Problem
In the records below, the relevant part opens with the line containing "Product Features: *" and closes with the line containing "2枚目は、2015年のW杯で"; print that part exactly and only, without its pictures.

Source records
= = = = = = =

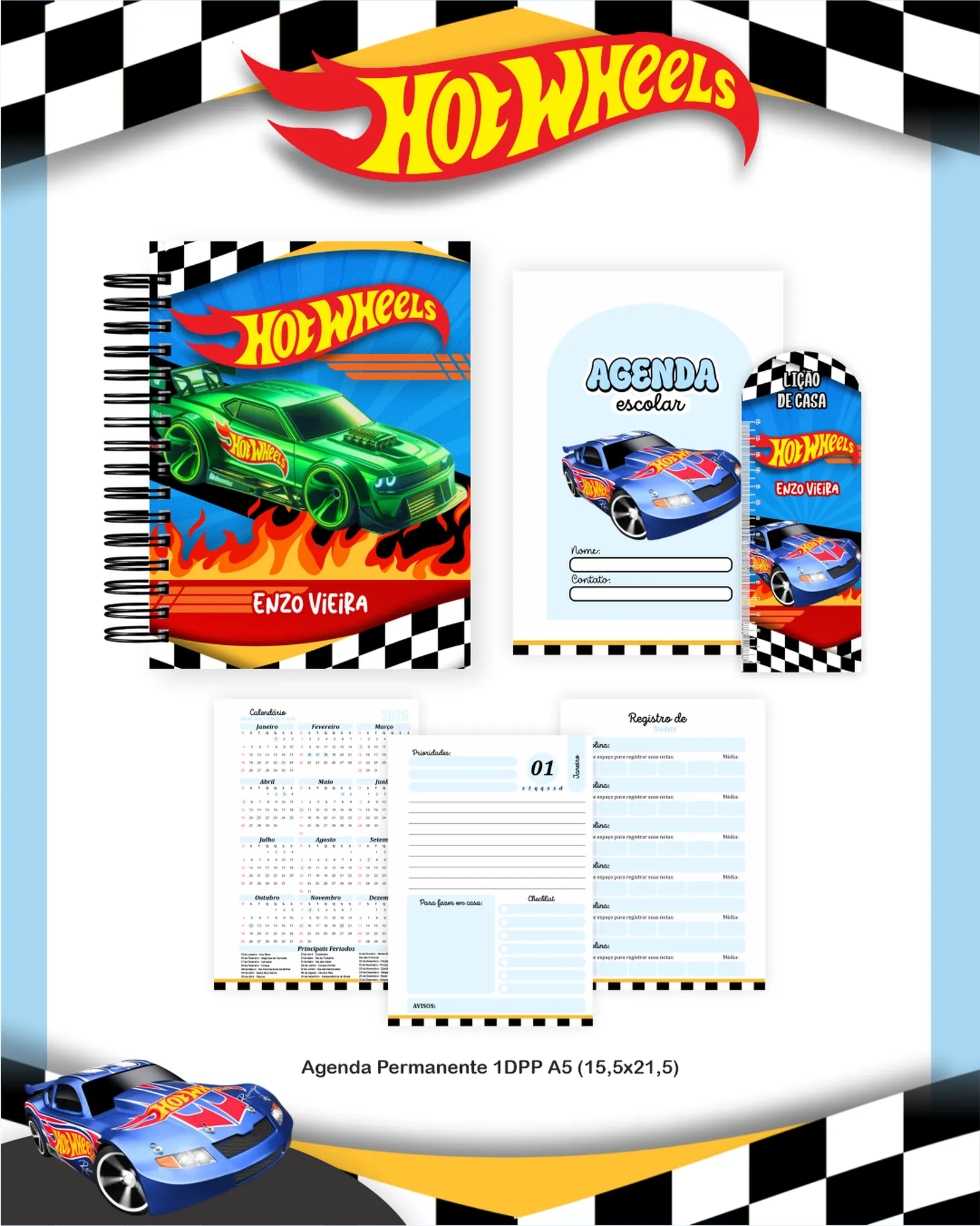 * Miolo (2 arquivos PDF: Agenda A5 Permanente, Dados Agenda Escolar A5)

= = = = = = =

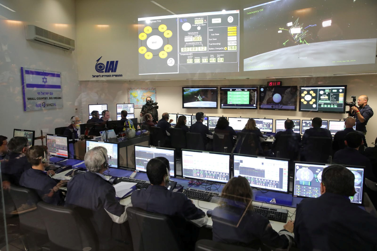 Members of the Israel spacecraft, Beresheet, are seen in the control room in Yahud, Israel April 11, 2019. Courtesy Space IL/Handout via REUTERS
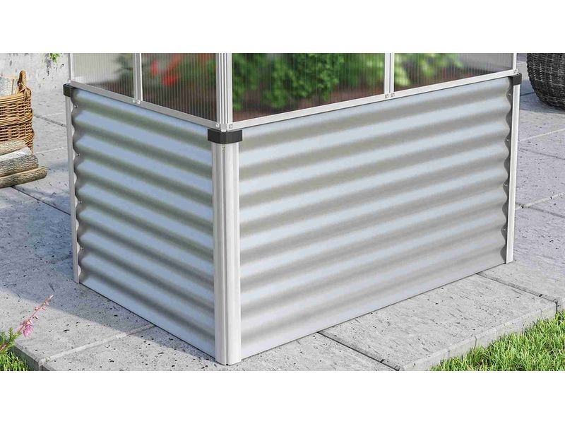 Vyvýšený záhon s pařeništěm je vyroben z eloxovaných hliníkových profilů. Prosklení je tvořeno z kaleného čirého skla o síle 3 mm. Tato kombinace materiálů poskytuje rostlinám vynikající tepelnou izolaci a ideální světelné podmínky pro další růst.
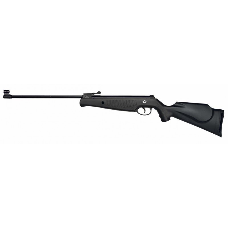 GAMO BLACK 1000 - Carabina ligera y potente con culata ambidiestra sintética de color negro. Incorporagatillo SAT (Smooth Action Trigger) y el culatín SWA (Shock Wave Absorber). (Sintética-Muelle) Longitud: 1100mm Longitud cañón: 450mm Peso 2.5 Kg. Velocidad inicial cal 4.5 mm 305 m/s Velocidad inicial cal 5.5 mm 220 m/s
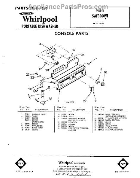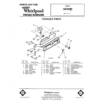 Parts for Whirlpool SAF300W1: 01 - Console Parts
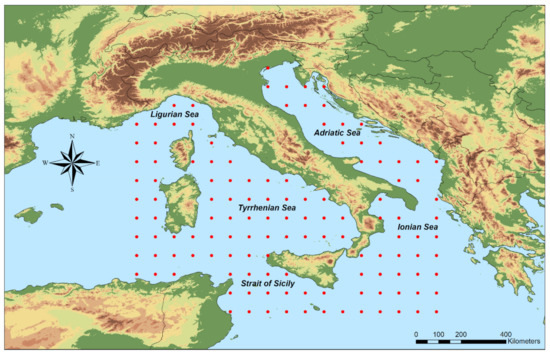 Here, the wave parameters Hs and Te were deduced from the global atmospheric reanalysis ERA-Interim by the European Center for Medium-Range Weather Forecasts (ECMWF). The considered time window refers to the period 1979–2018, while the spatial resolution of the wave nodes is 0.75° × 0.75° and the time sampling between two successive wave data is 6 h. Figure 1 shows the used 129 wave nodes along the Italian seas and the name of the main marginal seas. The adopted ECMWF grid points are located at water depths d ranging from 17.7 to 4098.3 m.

= = = = = = =

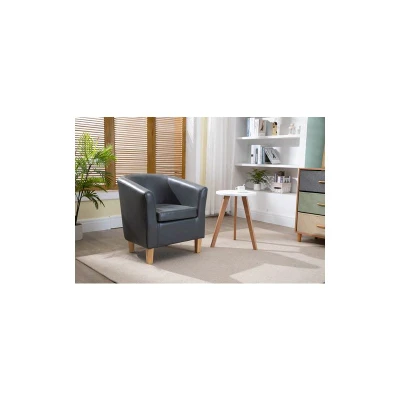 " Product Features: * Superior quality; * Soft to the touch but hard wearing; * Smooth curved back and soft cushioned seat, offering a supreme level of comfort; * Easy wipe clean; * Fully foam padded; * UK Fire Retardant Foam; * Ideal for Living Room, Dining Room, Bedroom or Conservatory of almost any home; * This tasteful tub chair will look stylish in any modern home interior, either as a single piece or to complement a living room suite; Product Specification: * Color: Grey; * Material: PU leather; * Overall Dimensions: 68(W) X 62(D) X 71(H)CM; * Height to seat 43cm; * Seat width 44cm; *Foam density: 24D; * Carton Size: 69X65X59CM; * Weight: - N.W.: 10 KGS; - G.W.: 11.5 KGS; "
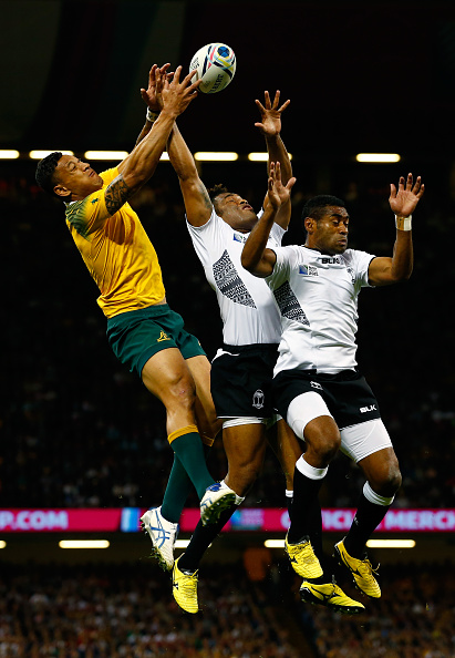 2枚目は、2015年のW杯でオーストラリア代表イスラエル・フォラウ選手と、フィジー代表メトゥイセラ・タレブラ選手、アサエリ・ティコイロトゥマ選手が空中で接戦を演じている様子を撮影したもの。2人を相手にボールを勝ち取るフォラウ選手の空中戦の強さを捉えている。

= = = = = = =

Solution for this task
 " Product Features: * Superior quality; * Soft to the touch but hard wearing; * Smooth curved back and soft cushioned seat, offering a supreme level of comfort; * Easy wipe clean; * Fully foam padded; * UK Fire Retardant Foam; * Ideal for Living Room, Dining Room, Bedroom or Conservatory of almost any home; * This tasteful tub chair will look stylish in any modern home interior, either as a single piece or to complement a living room suite; Product Specification: * Color: Grey; * Material: PU leather; * Overall Dimensions: 68(W) X 62(D) X 71(H)CM; * Height to seat 43cm; * Seat width 44cm; *Foam density: 24D; * Carton Size: 69X65X59CM; * Weight: - N.W.: 10 KGS; - G.W.: 11.5 KGS; "
 2枚目は、2015年のW杯でオーストラリア代表イスラエル・フォラウ選手と、フィジー代表メトゥイセラ・タレブラ選手、アサエリ・ティコイロトゥマ選手が空中で接戦を演じている様子を撮影したもの。2人を相手にボールを勝ち取るフォラウ選手の空中戦の強さを捉えている。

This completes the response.